→ TASK BRIEF
Within the records below, find the line with "Extra-large flat platform" and the line with "冬至,又称日南至、冬节、亚岁", then reproduce exactly those two lines and all lines between them, without any picture.

##### DATA EXCERPTS #####

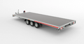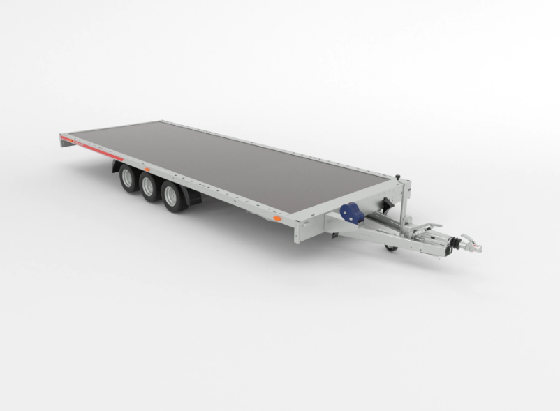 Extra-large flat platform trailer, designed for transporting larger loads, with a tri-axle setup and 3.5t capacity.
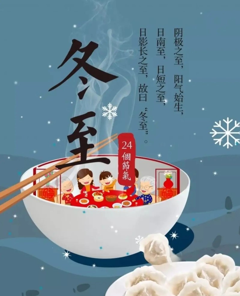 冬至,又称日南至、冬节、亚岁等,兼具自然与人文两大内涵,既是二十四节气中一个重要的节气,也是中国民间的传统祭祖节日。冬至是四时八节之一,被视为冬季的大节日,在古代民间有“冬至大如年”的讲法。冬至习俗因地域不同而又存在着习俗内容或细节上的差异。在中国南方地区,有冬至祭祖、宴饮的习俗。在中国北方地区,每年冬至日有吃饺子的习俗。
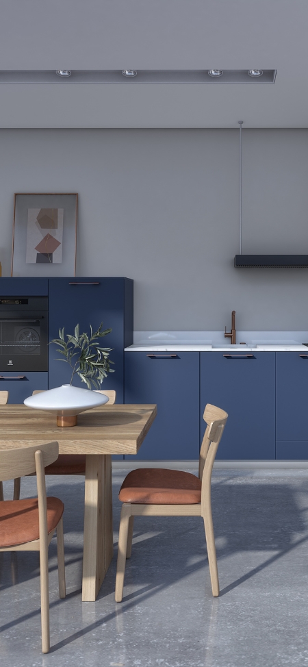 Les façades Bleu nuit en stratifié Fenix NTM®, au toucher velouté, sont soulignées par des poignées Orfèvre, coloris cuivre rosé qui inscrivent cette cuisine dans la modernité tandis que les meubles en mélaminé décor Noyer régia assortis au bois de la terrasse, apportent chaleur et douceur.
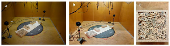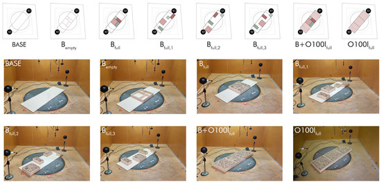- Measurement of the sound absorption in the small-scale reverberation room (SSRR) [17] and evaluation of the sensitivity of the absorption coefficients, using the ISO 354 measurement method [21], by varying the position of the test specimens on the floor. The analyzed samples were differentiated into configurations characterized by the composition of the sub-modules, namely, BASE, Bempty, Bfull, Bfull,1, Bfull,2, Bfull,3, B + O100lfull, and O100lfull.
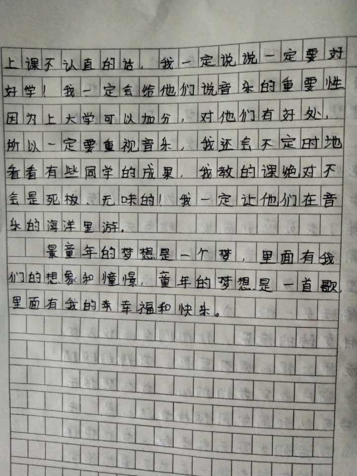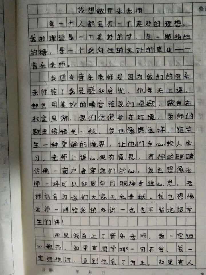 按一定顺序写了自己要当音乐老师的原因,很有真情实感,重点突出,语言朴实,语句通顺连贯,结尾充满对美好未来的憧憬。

#####
##### DATA EXCERPTS #####

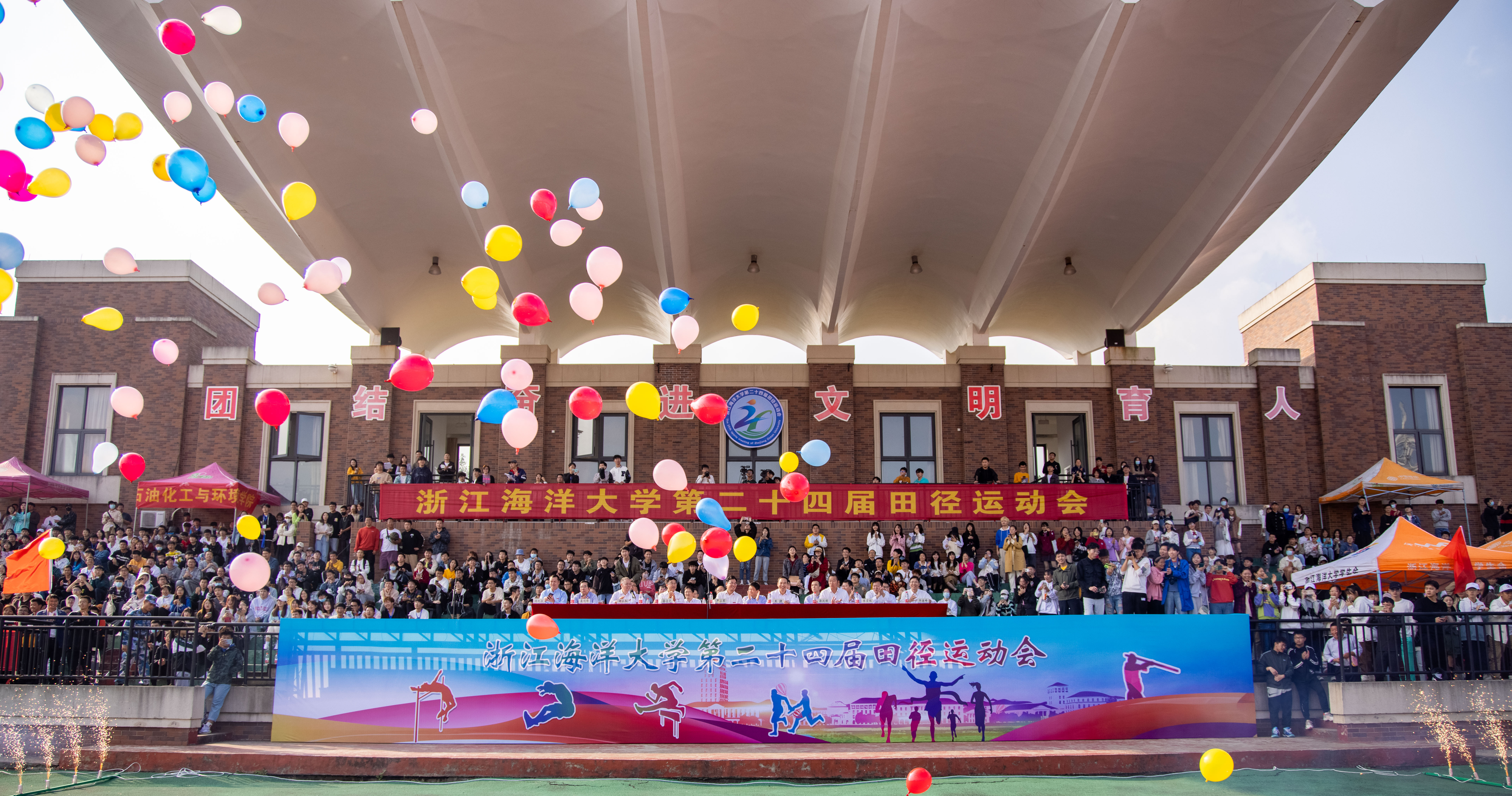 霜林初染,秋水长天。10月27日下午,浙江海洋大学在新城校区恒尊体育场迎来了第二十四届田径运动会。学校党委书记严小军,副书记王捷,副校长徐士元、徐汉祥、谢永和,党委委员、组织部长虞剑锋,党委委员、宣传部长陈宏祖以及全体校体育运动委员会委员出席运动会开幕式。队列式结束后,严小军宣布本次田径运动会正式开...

#####

→ YOUR RESPONSE
 Extra-large flat platform trailer, designed for transporting larger loads, with a tri-axle setup and 3.5t capacity.
 冬至,又称日南至、冬节、亚岁等,兼具自然与人文两大内涵,既是二十四节气中一个重要的节气,也是中国民间的传统祭祖节日。冬至是四时八节之一,被视为冬季的大节日,在古代民间有“冬至大如年”的讲法。冬至习俗因地域不同而又存在着习俗内容或细节上的差异。在中国南方地区,有冬至祭祖、宴饮的习俗。在中国北方地区,每年冬至日有吃饺子的习俗。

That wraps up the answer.